La mamma non è obbligata a ricevere il compare in camera finchè sta a letto. Se crede
però di farlo nessun riguardo di convenienza vi si oppone. Ad ogni modo sarà il solo uomo che
godrà un tale privilegio, al quale la comare ha diritto.
Dopo il battesimo, il padre del bambino offrirà un rinfresco al compare, alla comare ed
agli invitati. In alcuni paesi si suol dare un pranzo; ma da noi non si usa prolungare dei
complimenti, che terrebbero il marito lontano dalla moglie in momenti, in cui sentono più che
mai l'uno e l'altra il bisogno di stare uniti, di comunicarsi le impressioni di quel nuovo amore,
che è venuto a vincolare maggiormente le loro esistenze.
Oltre alle carte di visita in risposta all'annunzio, la mamma riceverà una visita dalle
persone più intime, fra quelle a cui ha comunicata la felice novella. Se la sua salute glielo
permette comincierà a ricevere dopo tre settimane dalla nascita del bambino. Non in sala però,
ma in camera da letto, o in un salottino accanto.
La mamma deve avere un abito sciolto ad accappatoio, ed una cuffietta. Nella sua
abbigliatura deve dominare l'azzurro se il piccolo angelo che dorme accanto a lei è un bambino;
il roseo, se è una bambina.
Il personaggio minuscolo dovrà essere in ordine per venir presentato alle visitatrici. Lui
però non dovrà darsene pensiero, nè prendersi disturbo di sorta. Basta che, steso tra i merletti
della sua culla, si degni di lasciarsi ammirare; del resto può gridare, dormire, e fare il suo
comodo in tutta l'estensione del termine.
La prima visita della mamma, dopo essere stata in chiesa a rientrare in santo
dev'essere per la comare. In seguito andrà da tutte le persone che sono state a vederla. E, più
tardi, quando il bambino comincerà ad uscire, dovrà andare con lui portato dalla nutrice o dalla
bambinaia, da tutte le persone che hanno salutato con una visita la sua venuta nel mondo. Per
riguardo al bambino, a cui si debbono evitare gli urti dei passeggieri affrettati, la signora,
andando a piedi in istrada, cederà sempre la destra alla persona che porta il suo tesoro.
-
- -
Ed il bimbo cresce; comincia a balbettare; ed è una delizia averlo a tavola dove mangia un
po' di tutto, e discorre....
E tuttavia se si hanno persone a pranzo che non siano di grande intimità, mi duole il dirlo,
e confesso che mi duole anche il vederlo fare, non l'approvo, ma tuttavia è un fatto che i bimbi
non si mettono a tavola. Che farci? Vi sono persone intolleranti, a cui tutto dà fastidio. Un
bambino durante un pranzo, fa cadere almeno una dozzina di volte il cucchiaino, il pane, e tutto
quello che ha intorno. Vuol pigliare il bicchiere e la sua manina, piccina, unta, inesperta, lo lascia
scivolare sulla tovaglia. Se qualche cosa gli dà noia, piange. Se è di buon umore, si mette a
galloriare rumorosamente, senza curarsi d'interrompere i discorsi; anzi, più la conversazione è
animata più grida anche lui.
Per me, tutte queste sono delizie, e non pranzo mai tanto bene, come quando vedo la
tavola contornata di testine bionde. Ma pare che sia una manìa speciale a me sola, o a ben pochi.

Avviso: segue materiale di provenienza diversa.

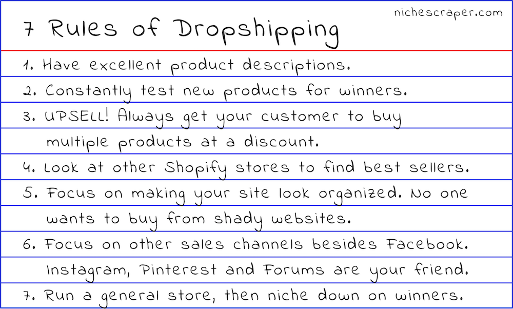 With thousands of dropshipping articles and courses on the internet, its hard to filter out the important bits of information. Instead, here's 7 easy rules to follow that fit on a notecard.

La generalità trova che i bambini disturbano, e la convenienza vuole che non si mettano a
tavola se non si è in famiglia o nella massima confidenza; e così sia! Si fanno però entrare alle
frutta.
-
- -
Ho la disgrazia di conoscere una signora che ha sette figli. La maggiore è una bimba di
tredici anni; il più piccino è un baby i tre anni e mezzo. La natura ha data a tutta quella
cara marmaglia una memoria straordinaria, per la massima afflizione degli amici di casa.
Si esce col proposito di fare almeno quattro visite. Ma è sabato. La signora Feconda
riceve. Si sale prima da lei. Dopo un quarto d'ora si vorrebbe congedarsi.
* No; aspetti un momento. Le faccio vedere Lotto (Carlo, Carlotto, Lotto) e Vevè
(Vincenzo, derivazione inesplicabile) che non sono a scuola.
I due signorini entrano invariabilmente col naso sporco.
* Salutate la signora. Come si dice? Buongiorno, ma non basta, Cosa si fa? Si dà un
bacio alla signora.
La signora esita un momento. La mamma se ne accorge.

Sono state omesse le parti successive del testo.